Ho sempre pensato che il buio fosse quella cosa che ti aiuta a riflettere, ti calma la mente e ti culla nella notte mentre ogni tuo pensiero si sfuma lentamente per lasciare spazio ad un sonno sereno. Ho sempre pensato questo del buio, ma forse mi sbagliavo. Forse non conoscevo a fondo la crudeltà della natura umana e, pensandoci adesso, non avrei dovuto lasciare a quell'oscurità di cullare i miei sogni. Ho capito a mie spese che essa può assumere diverse facce; può esserti amica e sussurrarti un "va tutto bene" all'orecchio, può fregarsene di te e lasciarti in balia di te stesso, oppure, e questo è peggiore di ogni altra cosa, può avvicinarsi a te con volto amico per poi ucciderti nel sonno. Sembrerà strano, lo so, ma quello di cui voglio parlare non è l'oscurità, ma di quanto la natura umana possa essere misteriosa agli occhi di chi guarda. Perché in fin dei conti l'oscurità, che sia nella tua camera o nel retro di un furgoncino con un cappuccio in testa e gli arti legati, è solo oscurità alla quale proiettiamo le nostre paure.

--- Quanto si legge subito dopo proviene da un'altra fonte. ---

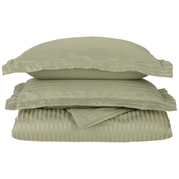 Striped Duvet Cover Set, Soft Wrinkle Free Microfiber, Full/Queen, Sage

Non ricordo molto della vita precedente; forse non ricordo proprio niente. I miei occhi si aprirono sotto quella tela, nel buio del furgone, con in sottofondo delle voci dall'accento straniero, probabilmente russo o una cosa simile. Non potevo muovermi, non sapevo con chi fossi o dove mi stessero portando. Avrei tanto voluto piangere, gridare al mondo la mia presenza, pregare che qualcuno mi trovasse, ma non lo feci; restai lì, in silenzio, ad ascoltare il rumore della strada finché i miei occhi non si chiusero di nuovo.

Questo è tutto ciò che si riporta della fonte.